**About this exercise**: A verbatim copy of all the data is required; the pictures should not appear in it.

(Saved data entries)
Content starts

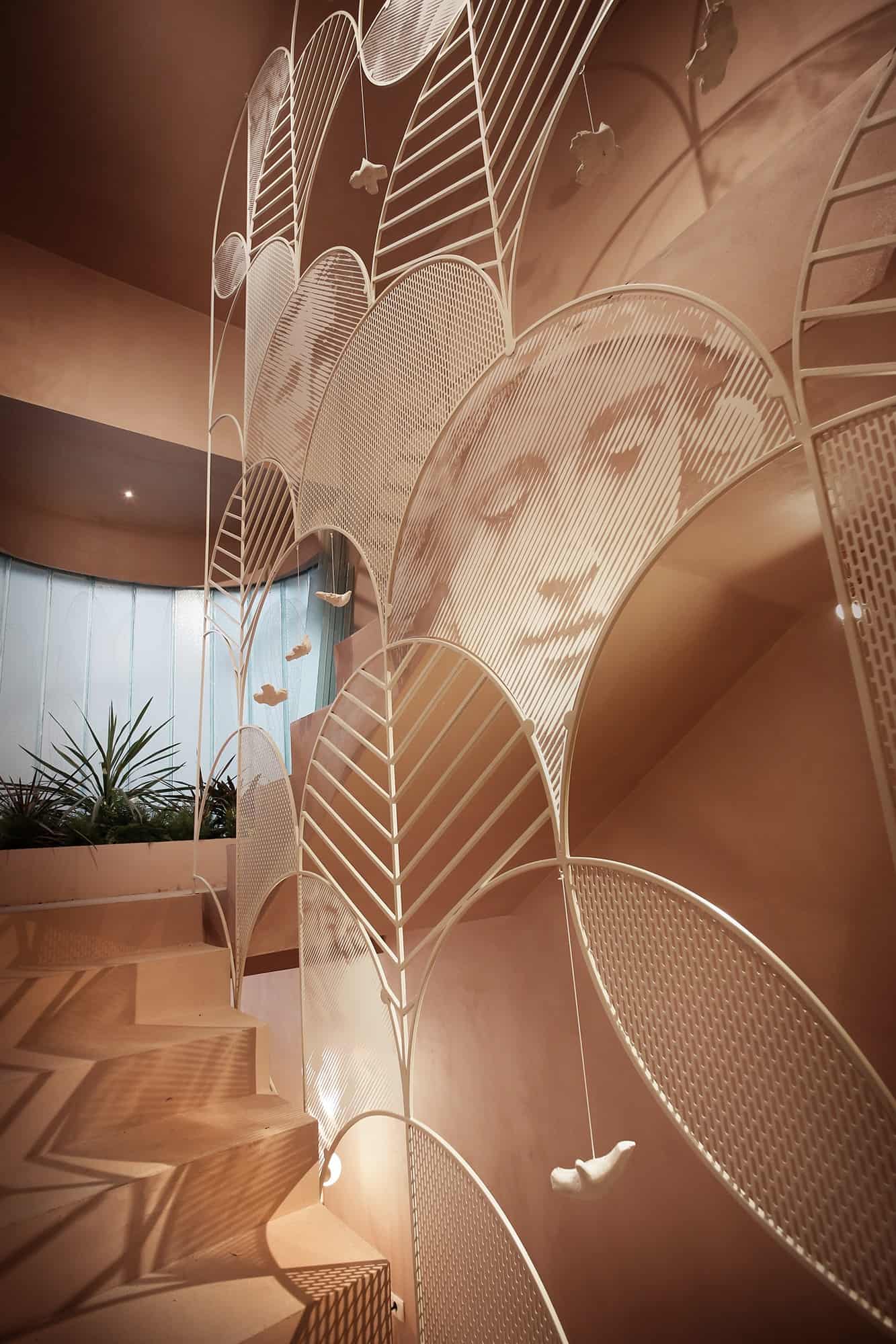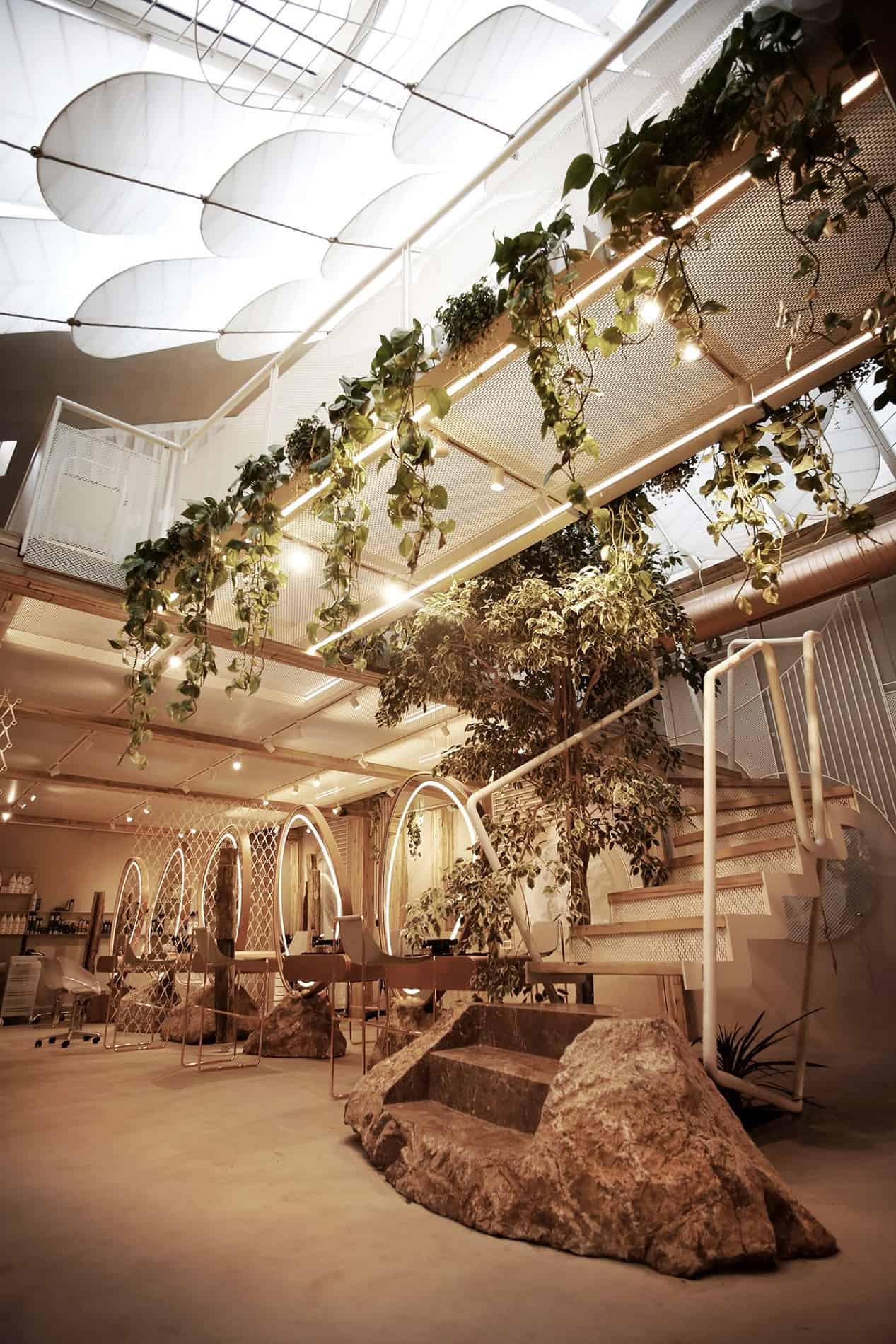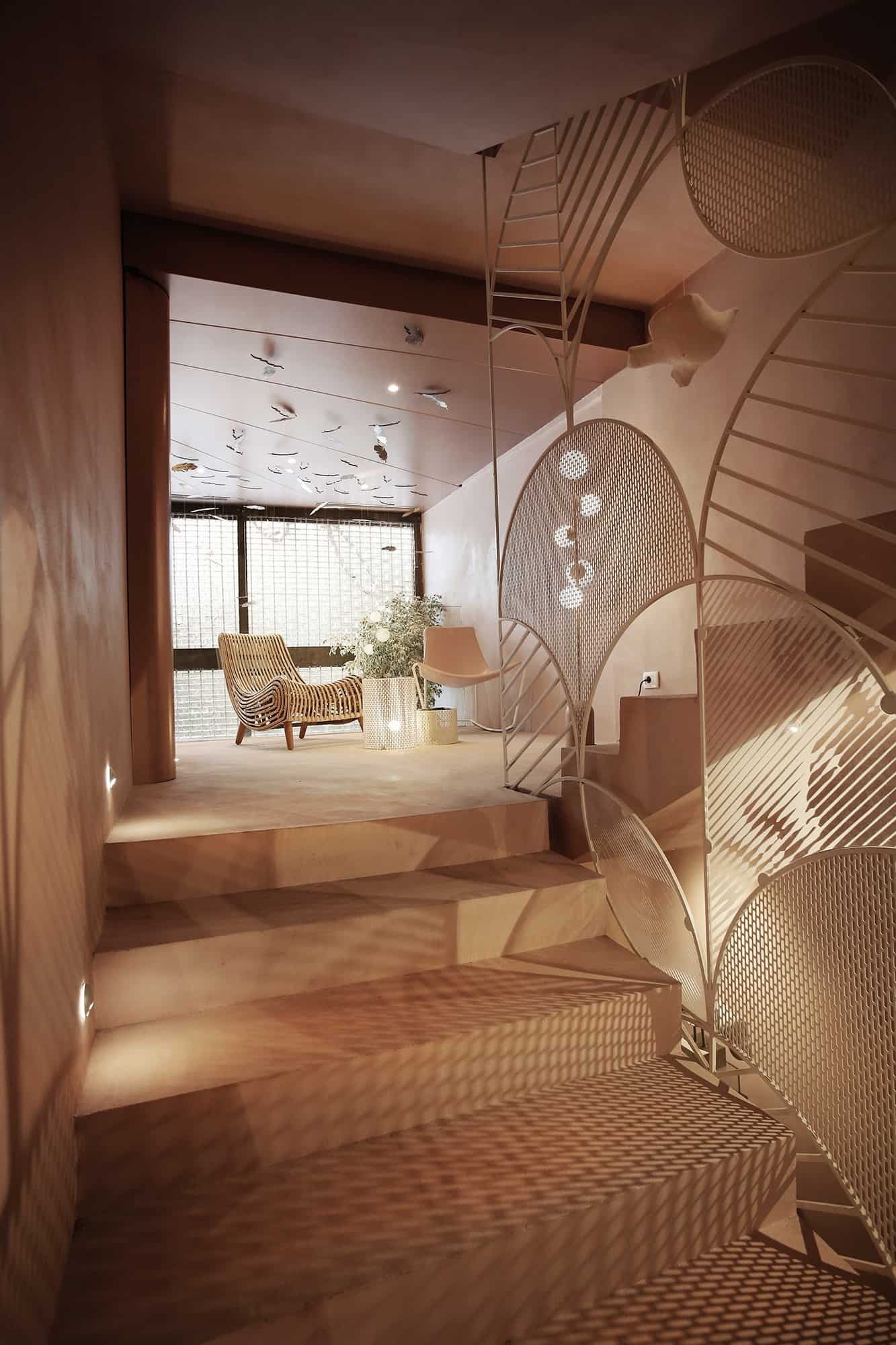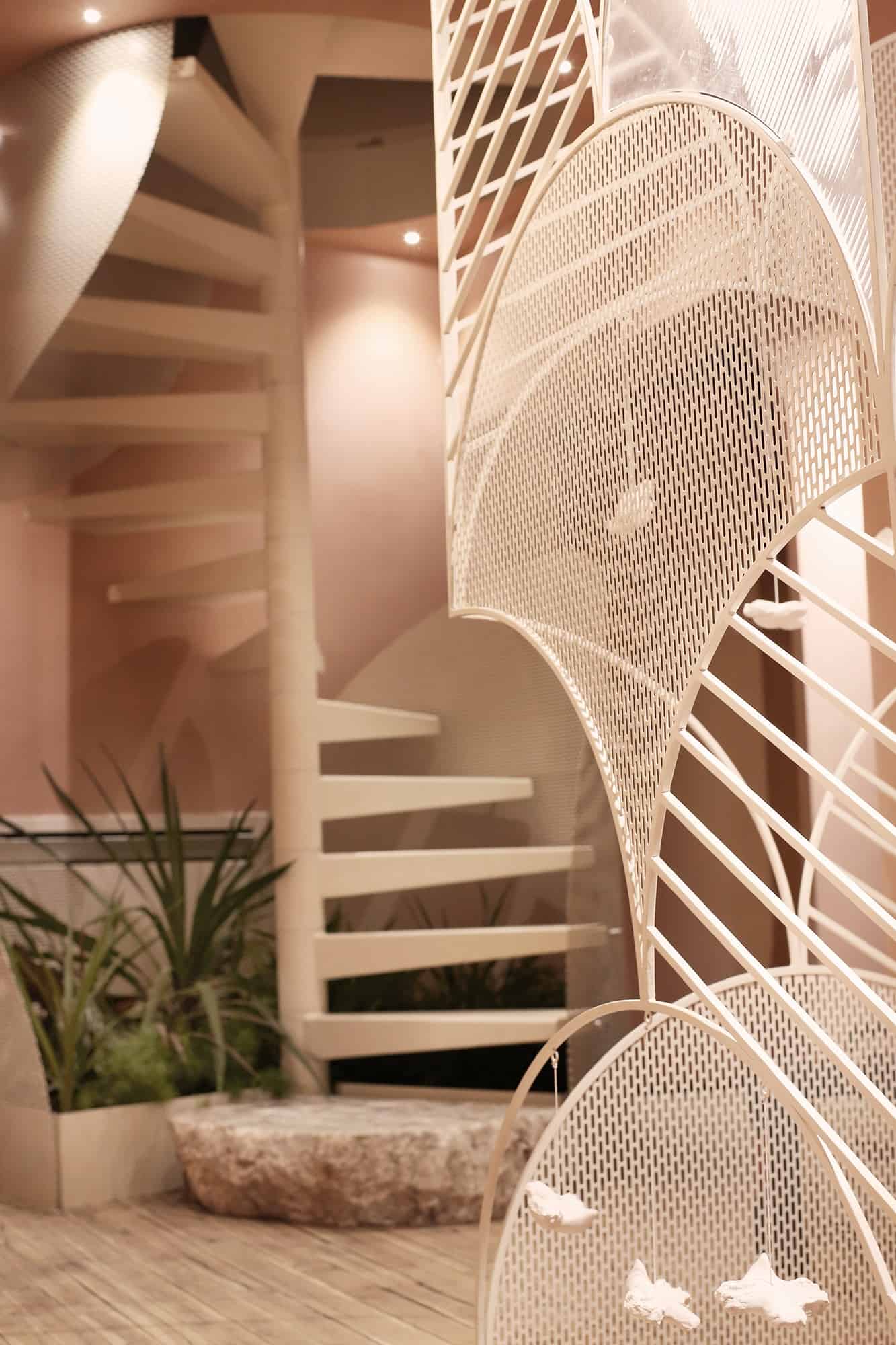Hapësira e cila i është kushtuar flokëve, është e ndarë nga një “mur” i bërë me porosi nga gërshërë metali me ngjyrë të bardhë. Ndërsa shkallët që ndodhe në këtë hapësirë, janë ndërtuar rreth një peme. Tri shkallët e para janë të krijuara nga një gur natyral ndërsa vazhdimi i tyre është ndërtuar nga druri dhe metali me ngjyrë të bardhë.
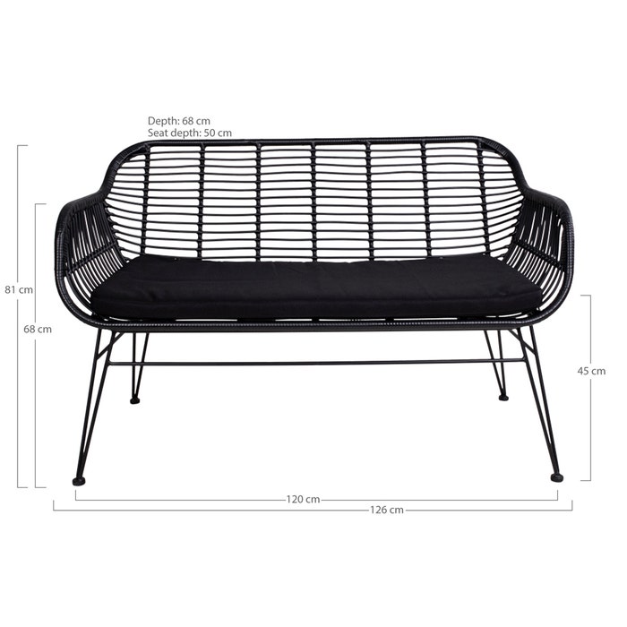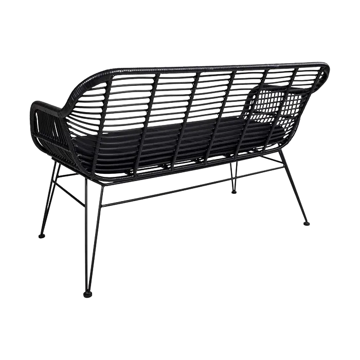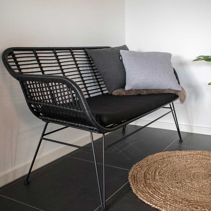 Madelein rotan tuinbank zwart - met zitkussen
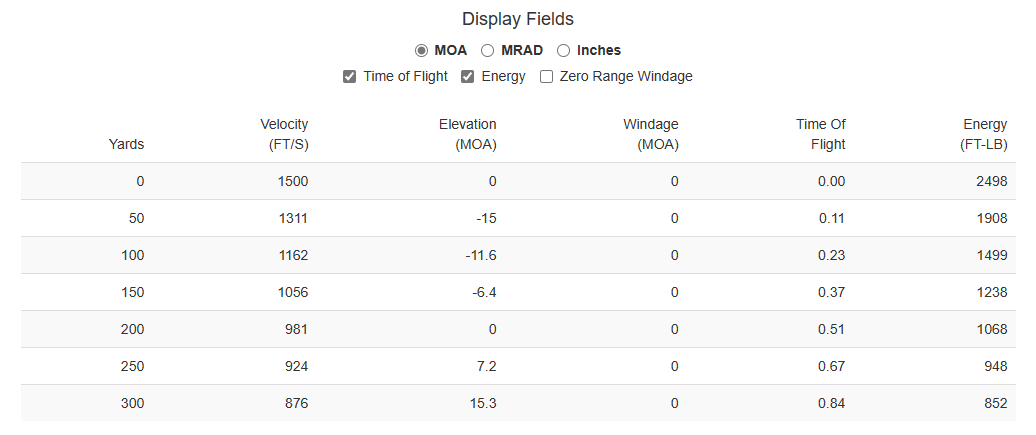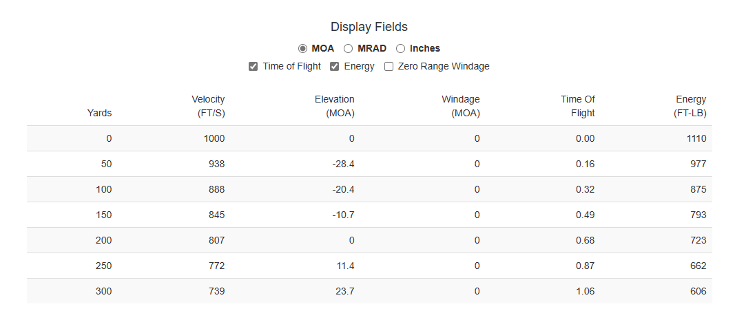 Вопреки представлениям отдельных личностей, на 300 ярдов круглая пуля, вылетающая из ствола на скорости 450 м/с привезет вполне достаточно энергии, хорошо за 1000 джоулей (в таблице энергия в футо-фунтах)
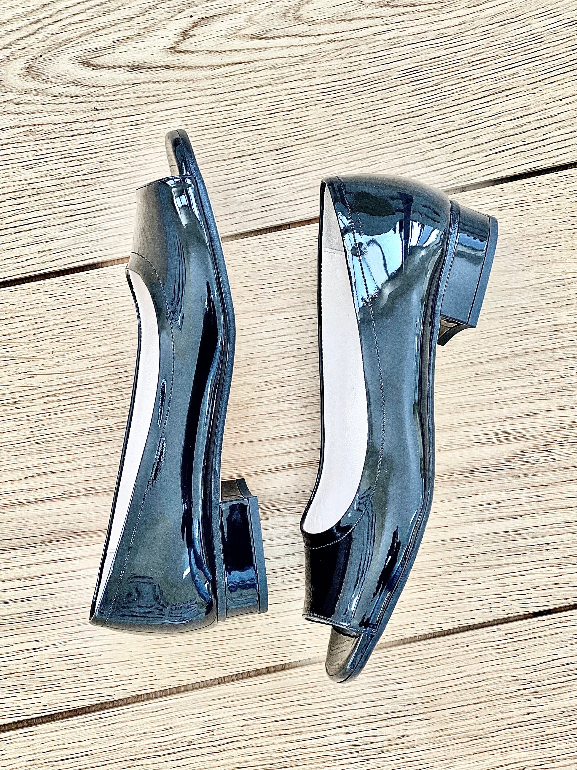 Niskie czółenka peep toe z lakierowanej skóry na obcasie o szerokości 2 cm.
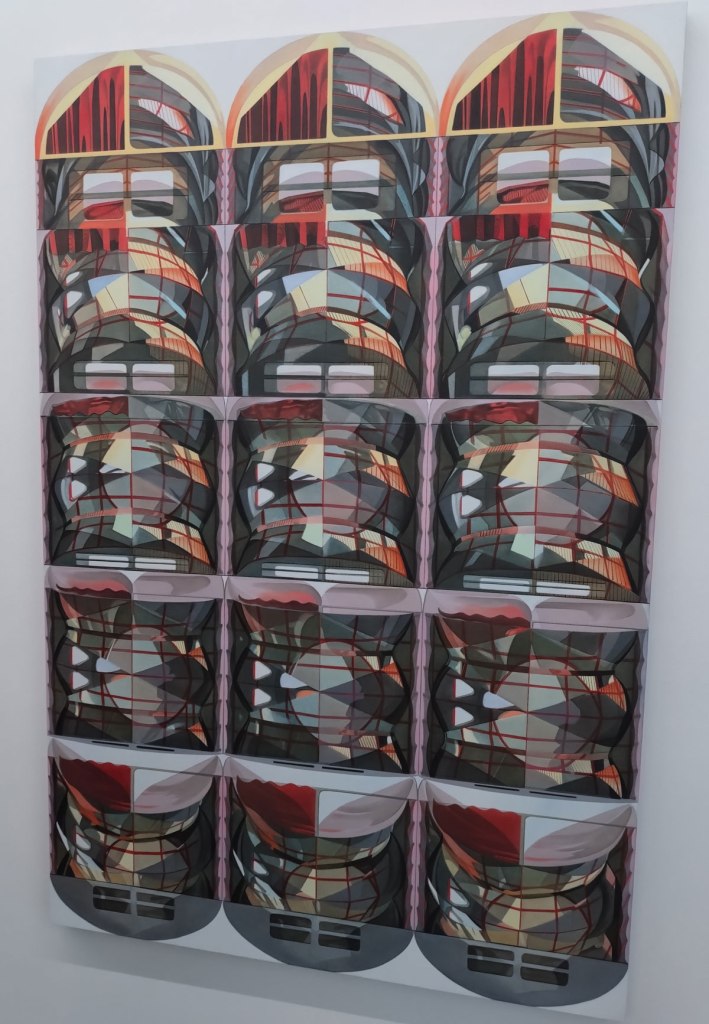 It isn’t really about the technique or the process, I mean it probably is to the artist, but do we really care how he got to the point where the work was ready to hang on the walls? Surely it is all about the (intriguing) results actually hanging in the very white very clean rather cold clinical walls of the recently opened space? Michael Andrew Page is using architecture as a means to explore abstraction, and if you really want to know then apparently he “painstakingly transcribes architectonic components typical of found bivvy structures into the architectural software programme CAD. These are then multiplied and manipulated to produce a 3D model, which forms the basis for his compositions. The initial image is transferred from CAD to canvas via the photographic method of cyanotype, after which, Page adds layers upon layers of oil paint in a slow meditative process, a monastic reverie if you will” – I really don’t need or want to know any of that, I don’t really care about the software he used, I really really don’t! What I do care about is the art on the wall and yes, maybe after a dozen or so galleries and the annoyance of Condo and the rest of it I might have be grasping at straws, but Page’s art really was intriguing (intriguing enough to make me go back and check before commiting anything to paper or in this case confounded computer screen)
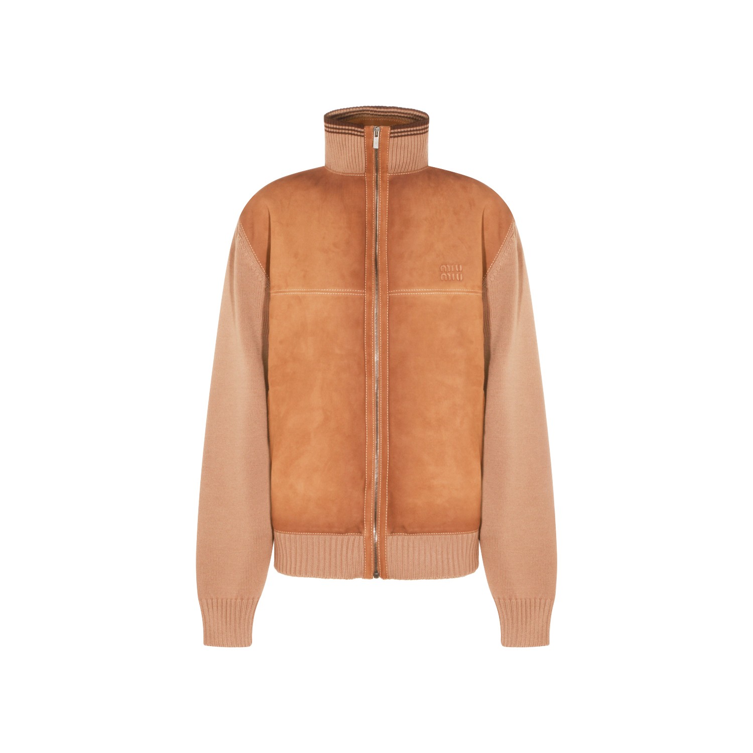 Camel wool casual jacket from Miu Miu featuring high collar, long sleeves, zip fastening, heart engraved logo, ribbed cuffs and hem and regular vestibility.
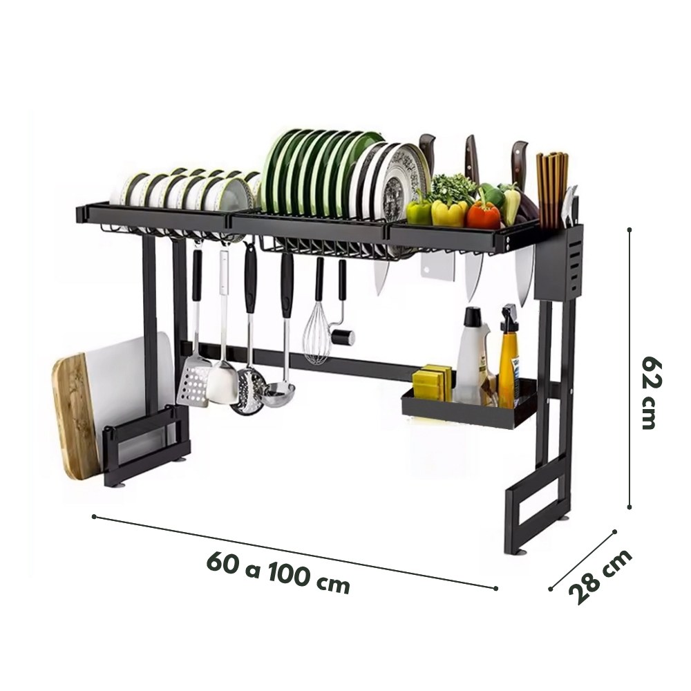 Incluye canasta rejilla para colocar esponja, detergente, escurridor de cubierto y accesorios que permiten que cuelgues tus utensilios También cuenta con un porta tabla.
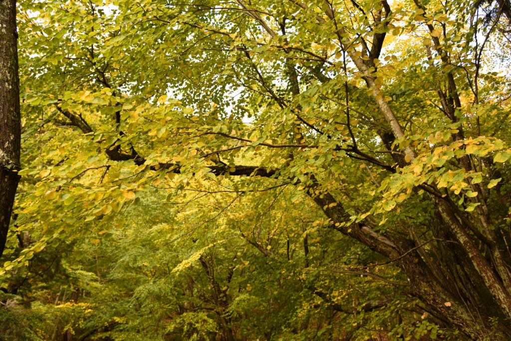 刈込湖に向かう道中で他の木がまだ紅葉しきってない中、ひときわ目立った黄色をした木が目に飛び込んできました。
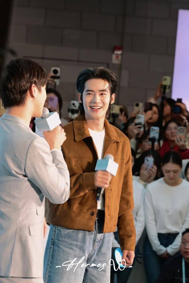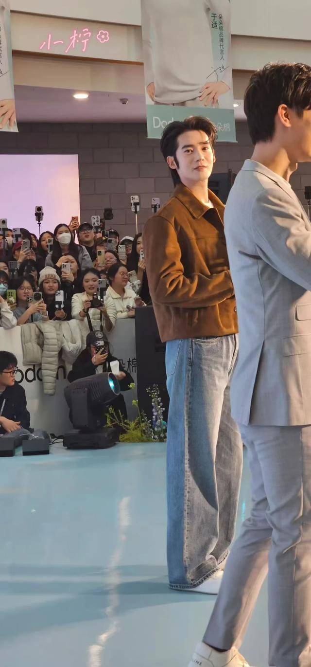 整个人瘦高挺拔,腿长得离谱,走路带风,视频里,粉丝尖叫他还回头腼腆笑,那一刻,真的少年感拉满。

Content ends

**Response to this task**:
Hapësira e cila i është kushtuar flokëve, është e ndarë nga një “mur” i bërë me porosi nga gërshërë metali me ngjyrë të bardhë. Ndërsa shkallët që ndodhe në këtë hapësirë, janë ndërtuar rreth një peme. Tri shkallët e para janë të krijuara nga një gur natyral ndërsa vazhdimi i tyre është ndërtuar nga druri dhe metali me ngjyrë të bardhë.
 Madelein rotan tuinbank zwart - met zitkussen
 Вопреки представлениям отдельных личностей, на 300 ярдов круглая пуля, вылетающая из ствола на скорости 450 м/с привезет вполне достаточно энергии, хорошо за 1000 джоулей (в таблице энергия в футо-фунтах)
 Niskie czółenka peep toe z lakierowanej skóry na obcasie o szerokości 2 cm.
 It isn’t really about the technique or the process, I mean it probably is to the artist, but do we really care how he got to the point where the work was ready to hang on the walls? Surely it is all about the (intriguing) results actually hanging in the very white very clean rather cold clinical walls of the recently opened space? Michael Andrew Page is using architecture as a means to explore abstraction, and if you really want to know then apparently he “painstakingly transcribes architectonic components typical of found bivvy structures into the architectural software programme CAD. These are then multiplied and manipulated to produce a 3D model, which forms the basis for his compositions. The initial image is transferred from CAD to canvas via the photographic method of cyanotype, after which, Page adds layers upon layers of oil paint in a slow meditative process, a monastic reverie if you will” – I really don’t need or want to know any of that, I don’t really care about the software he used, I really really don’t! What I do care about is the art on the wall and yes, maybe after a dozen or so galleries and the annoyance of Condo and the rest of it I might have be grasping at straws, but Page’s art really was intriguing (intriguing enough to make me go back and check before commiting anything to paper or in this case confounded computer screen)
 Camel wool casual jacket from Miu Miu featuring high collar, long sleeves, zip fastening, heart engraved logo, ribbed cuffs and hem and regular vestibility.
 Incluye canasta rejilla para colocar esponja, detergente, escurridor de cubierto y accesorios que permiten que cuelgues tus utensilios También cuenta con un porta tabla.
 刈込湖に向かう道中で他の木がまだ紅葉しきってない中、ひときわ目立った黄色をした木が目に飛び込んできました。
 整个人瘦高挺拔,腿长得离谱,走路带风,视频里,粉丝尖叫他还回头腼腆笑,那一刻,真的少年感拉满。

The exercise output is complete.